[Dataset entries]
----------

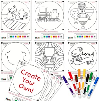 Kit includes: 6 Ready to color templates, 4 blank ready to draw templates, Washable markers, & 1 FREE prepaid item certificate
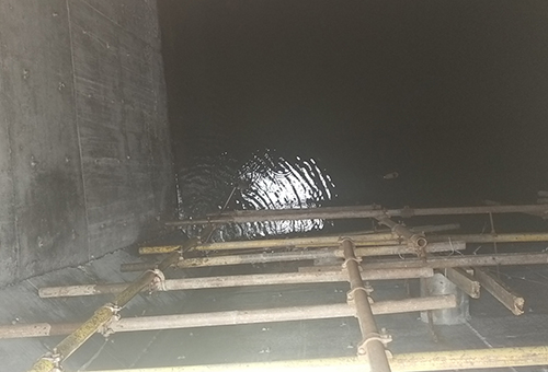 闭水试验是池体施工质量总体检验的必要环节之一。为加快推进项目建设进度,石投集团博石环保Beat365唯一官方网站与施工单位中铁二十一局积极沟通,明确施工方案,确定实验日期,要求中铁二十一局严格按照施工计划执行,并指定专人负责,从管道施工、池底平整、脚手架拆除、废料清除、预埋管口及进出口的临时封堵、输水管道的敷设等环节层层把控,督促中铁二十一局做好闭水试验前的各项准备工作。在闭水实验过程中,博石环保公司要求中铁二十一局随时对池体进行外观检查,观测底板、池壁是否漏水,发现渗漏点要做好标记并及时处理解决。经过连续三天的持续观察和记录后,若无渗漏才可逐步排水。
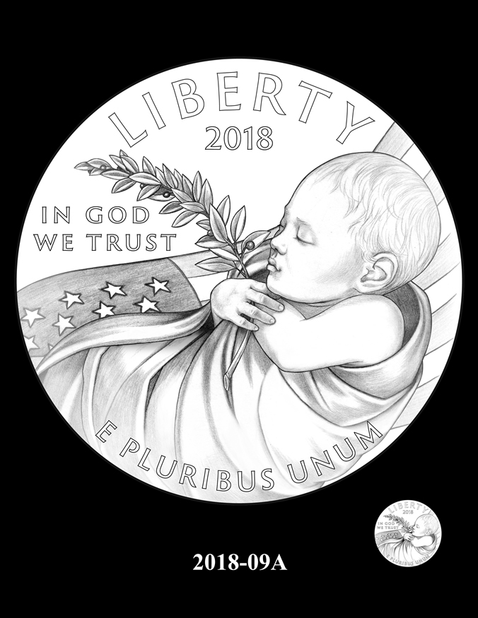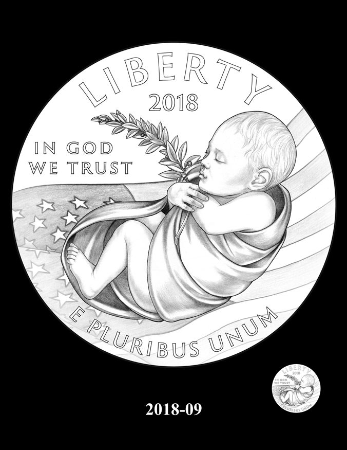 2018-09 and 2018-09A depict an infant symbolizing "Life", the first and most basic of Rights. The swaddled infant clutches an olive branch while, in the background, the American flag provides a protective and nurturing environment for life to begin.
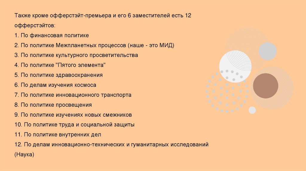 Также кроме офферстэйт-премьера и его 6 заместителей есть 12офферстэйтов:
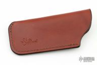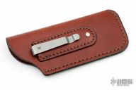 This Large brown leather sheath by SoulBound Leather is made from premium full grain English Bridle Leather from Wickett & Craig and has a stainless steel pocket clip. New from maker. 5" tall and 2.25" wide. It will fit a knife 4.5-6" in length closed, and 1.5-2" in width. Not to exceed 0.675" in thickness.
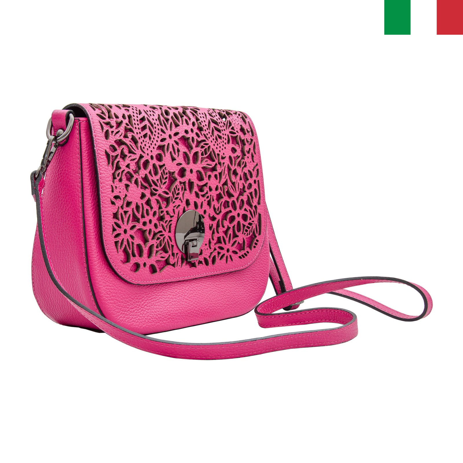 - Красива дамска чанта с изрязани орнаменти на капака, изработена изцяло от висококачествена естествена кожа, произведена в Италия. Моделът е стилен и нежен! Има две различни дръжки, които могат да се поставят или премахнат, в зависимост от Вашата нужда. Едната дръжка е къса, с нея чантата се носи на рамо, другата е регулируема, дълга – с нея чантата се носи през тялото. Чантата е с едно отделение, затварящо се с цип и капак с метално въртящо копче.
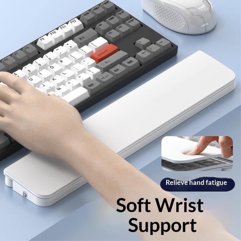 The wrist rest is crafted with soft polyrethane and high-quality foam padding to provide gentle, stable wrist support. Its ergonomic design helps reduce pressure and fatigue during prolonged typing, office work or study sessions.
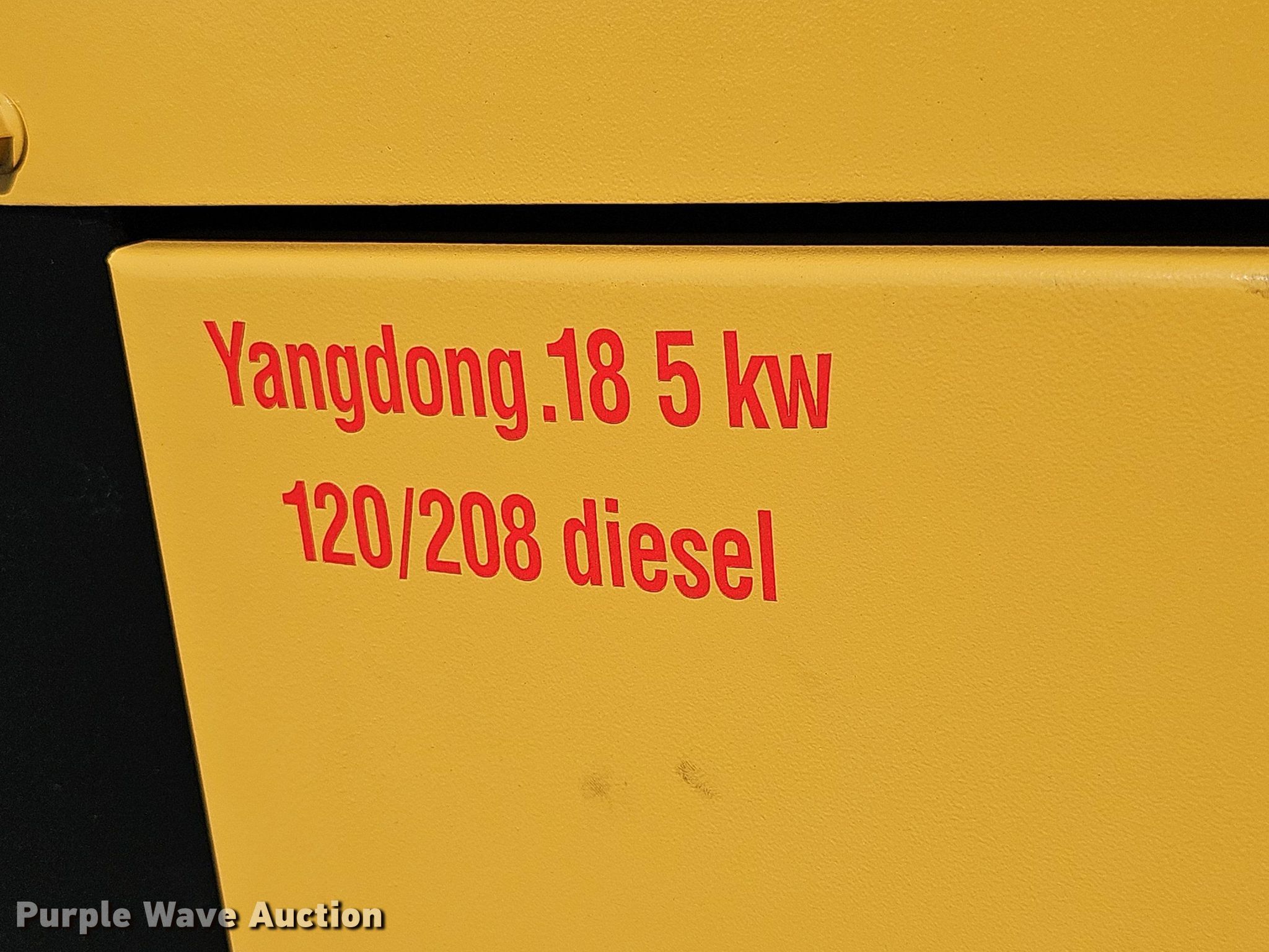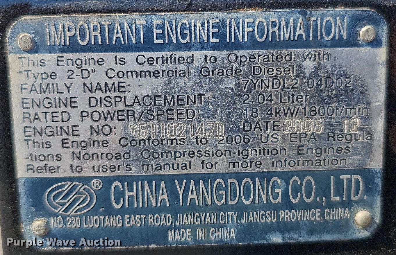 Diesel Pro SDG-Y12S generator. Hours: Unknown, Serial: S0611981. Dimensions 67.5" L x 36" W x 44.5" H. Engine China Yangdong 7YNDL2.04D02, Serial: Y611021470, Displacement: 2.04L, Cylinders: 4, Fuel type: Diesel. Features Generator kW: 12, Phase: Single, Electric start, Fuel tank, Skid mounted. Notes Possible starting and shutoff issues, special sequence required, Non-operational hour meter. Jordan Machinery/ S & N Auto Sales. 25050 US Hwy 275. Waterloo, NE 68069
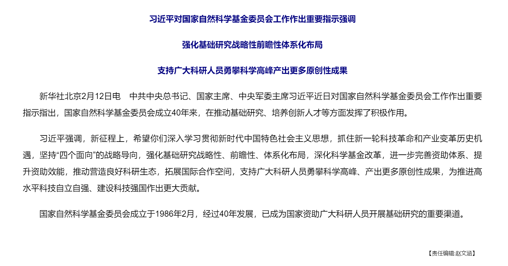 习近平对国家自然科学基金委员会工作作出重要指示
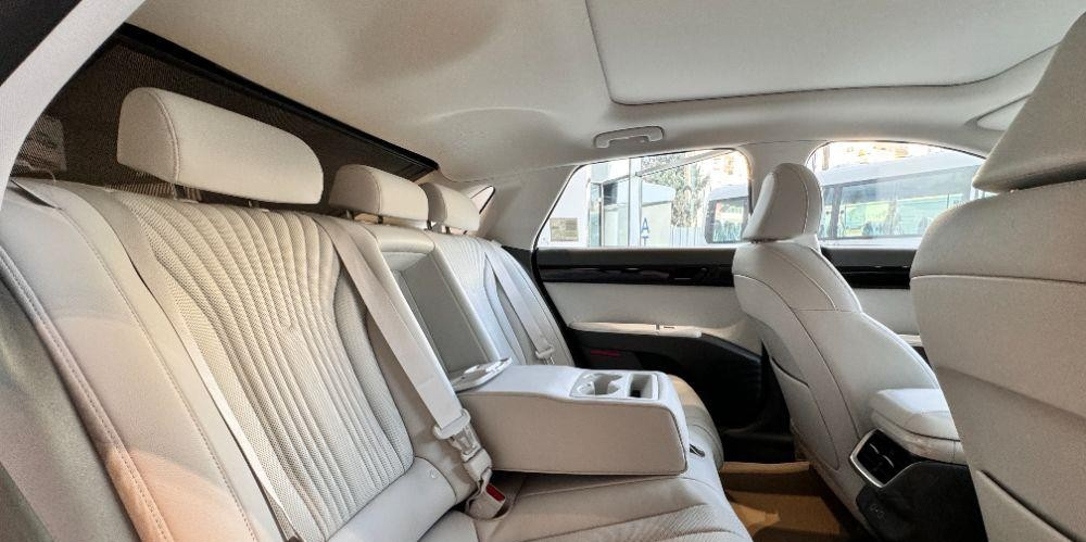 هیوندای آزرا 2026 با فاصله محوری ۲۸۹۵ میلیمتری در کلاس سدانهای بزرگ قرار میگیرد. این ابعاد نهتنها باعث افزایش فضای سرنشینان و راحتی دید عالی برای راننده و سرنشینان میشود، بلکه بر پایداری در سرعتهای بالا نیز تأثیر مستقیم دارد. طراحان هیوندای در نسل جدید آزرا زبان طراحی Parametric Dynamics را با جزئیات ظریفتر بهکار گرفتهاند و جلوپنجره یکپارچه با نوار LED ممتد، چهرهای خاص و بسیار مدرن به خودرو داده است و بخش عقب با خطوط نرم و چراغهای متصل تمام عرض، حس لوکس بودن را دوچندان میکند.
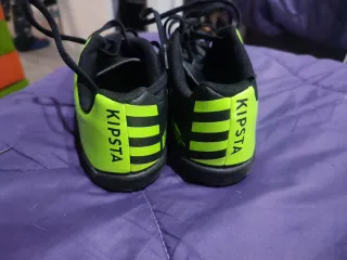 Botas de fútbol Kipsta con suela multitaco (TF), perfectas para césped artificial, tierra y pistas duras. Diseño deportivo en azul con detalles verdes, ligeras y muy cómodas, ideales para entrenamientos y partidos. Buen agarre y estabilidad para jugar con confianza. ✨ Estado: casi sin usar 👟 Talla: 31 ⚽ Marca: Kipsta 👣 Suela: multitaco (TF) Ideales para peques futboleros que quieren rendir al máximo sin gastar mucho 💪⚽
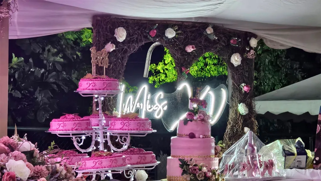 La quinceañera llegó en un automóvil clásico adornado con flores, recibió el aplauso de los asistentes y disfrutó de la actuación de 13 grupos musicales, entre ellos Charly y su Grupo Súper Amor, Meño Segovia y El Show de Pinky.
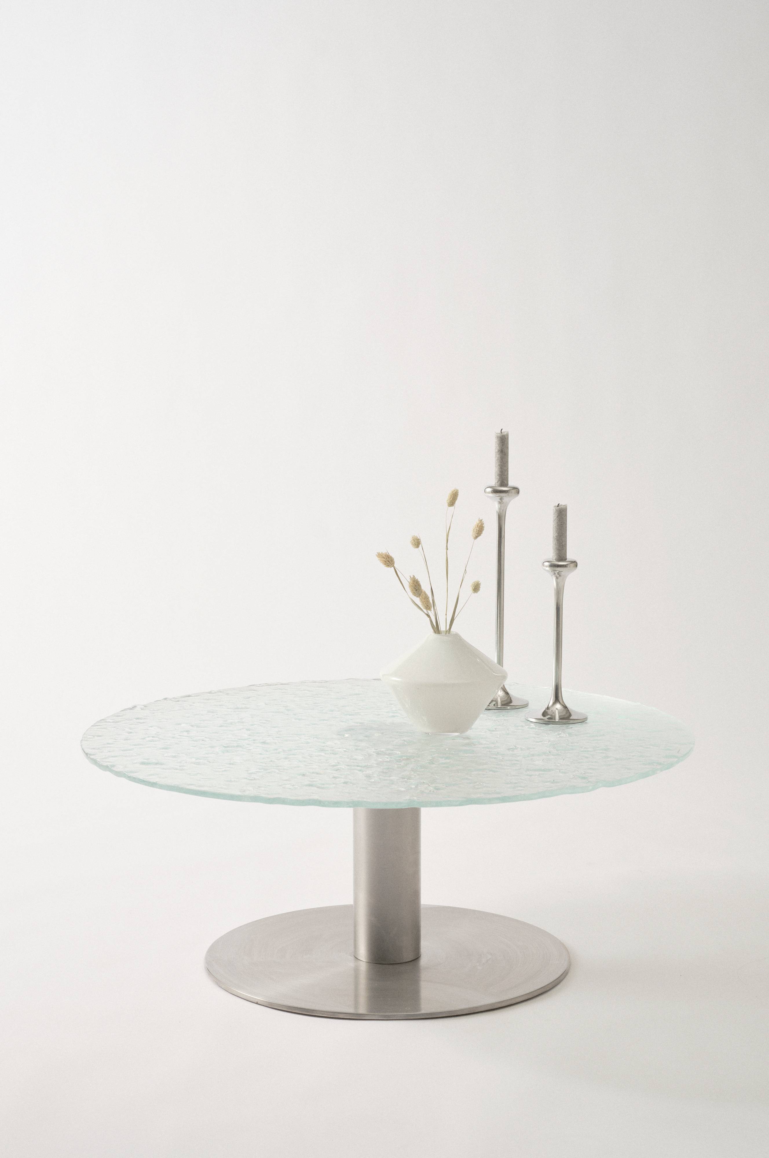 Rundt spisebord med bordplade i boblet glas og søjlefod af rustfrit stål med børstet overflade. Foden er lige og stilren og skaber flot kontrast til bordpladen i boblet glas. Den lave højden på bordet giver skøn loungefornemmelse ved sofaen. Skal færdigsamles. Samlevejledning medfølger.

----------

EXERCISE » Reproduce the data word for word without its images.

THE ANSWER »
 Kit includes: 6 Ready to color templates, 4 blank ready to draw templates, Washable markers, & 1 FREE prepaid item certificate
 闭水试验是池体施工质量总体检验的必要环节之一。为加快推进项目建设进度,石投集团博石环保Beat365唯一官方网站与施工单位中铁二十一局积极沟通,明确施工方案,确定实验日期,要求中铁二十一局严格按照施工计划执行,并指定专人负责,从管道施工、池底平整、脚手架拆除、废料清除、预埋管口及进出口的临时封堵、输水管道的敷设等环节层层把控,督促中铁二十一局做好闭水试验前的各项准备工作。在闭水实验过程中,博石环保公司要求中铁二十一局随时对池体进行外观检查,观测底板、池壁是否漏水,发现渗漏点要做好标记并及时处理解决。经过连续三天的持续观察和记录后,若无渗漏才可逐步排水。
 2018-09 and 2018-09A depict an infant symbolizing "Life", the first and most basic of Rights. The swaddled infant clutches an olive branch while, in the background, the American flag provides a protective and nurturing environment for life to begin.
 Также кроме офферстэйт-премьера и его 6 заместителей есть 12офферстэйтов:
 This Large brown leather sheath by SoulBound Leather is made from premium full grain English Bridle Leather from Wickett & Craig and has a stainless steel pocket clip. New from maker. 5" tall and 2.25" wide. It will fit a knife 4.5-6" in length closed, and 1.5-2" in width. Not to exceed 0.675" in thickness.
 - Красива дамска чанта с изрязани орнаменти на капака, изработена изцяло от висококачествена естествена кожа, произведена в Италия. Моделът е стилен и нежен! Има две различни дръжки, които могат да се поставят или премахнат, в зависимост от Вашата нужда. Едната дръжка е къса, с нея чантата се носи на рамо, другата е регулируема, дълга – с нея чантата се носи през тялото. Чантата е с едно отделение, затварящо се с цип и капак с метално въртящо копче.
 The wrist rest is crafted with soft polyrethane and high-quality foam padding to provide gentle, stable wrist support. Its ergonomic design helps reduce pressure and fatigue during prolonged typing, office work or study sessions.
 Diesel Pro SDG-Y12S generator. Hours: Unknown, Serial: S0611981. Dimensions 67.5" L x 36" W x 44.5" H. Engine China Yangdong 7YNDL2.04D02, Serial: Y611021470, Displacement: 2.04L, Cylinders: 4, Fuel type: Diesel. Features Generator kW: 12, Phase: Single, Electric start, Fuel tank, Skid mounted. Notes Possible starting and shutoff issues, special sequence required, Non-operational hour meter. Jordan Machinery/ S & N Auto Sales. 25050 US Hwy 275. Waterloo, NE 68069
 习近平对国家自然科学基金委员会工作作出重要指示
 هیوندای آزرا 2026 با فاصله محوری ۲۸۹۵ میلیمتری در کلاس سدانهای بزرگ قرار میگیرد. این ابعاد نهتنها باعث افزایش فضای سرنشینان و راحتی دید عالی برای راننده و سرنشینان میشود، بلکه بر پایداری در سرعتهای بالا نیز تأثیر مستقیم دارد. طراحان هیوندای در نسل جدید آزرا زبان طراحی Parametric Dynamics را با جزئیات ظریفتر بهکار گرفتهاند و جلوپنجره یکپارچه با نوار LED ممتد، چهرهای خاص و بسیار مدرن به خودرو داده است و بخش عقب با خطوط نرم و چراغهای متصل تمام عرض، حس لوکس بودن را دوچندان میکند.
 Botas de fútbol Kipsta con suela multitaco (TF), perfectas para césped artificial, tierra y pistas duras. Diseño deportivo en azul con detalles verdes, ligeras y muy cómodas, ideales para entrenamientos y partidos. Buen agarre y estabilidad para jugar con confianza. ✨ Estado: casi sin usar 👟 Talla: 31 ⚽ Marca: Kipsta 👣 Suela: multitaco (TF) Ideales para peques futboleros que quieren rendir al máximo sin gastar mucho 💪⚽
 La quinceañera llegó en un automóvil clásico adornado con flores, recibió el aplauso de los asistentes y disfrutó de la actuación de 13 grupos musicales, entre ellos Charly y su Grupo Súper Amor, Meño Segovia y El Show de Pinky.
 Rundt spisebord med bordplade i boblet glas og søjlefod af rustfrit stål med børstet overflade. Foden er lige og stilren og skaber flot kontrast til bordpladen i boblet glas. Den lave højden på bordet giver skøn loungefornemmelse ved sofaen. Skal færdigsamles. Samlevejledning medfølger.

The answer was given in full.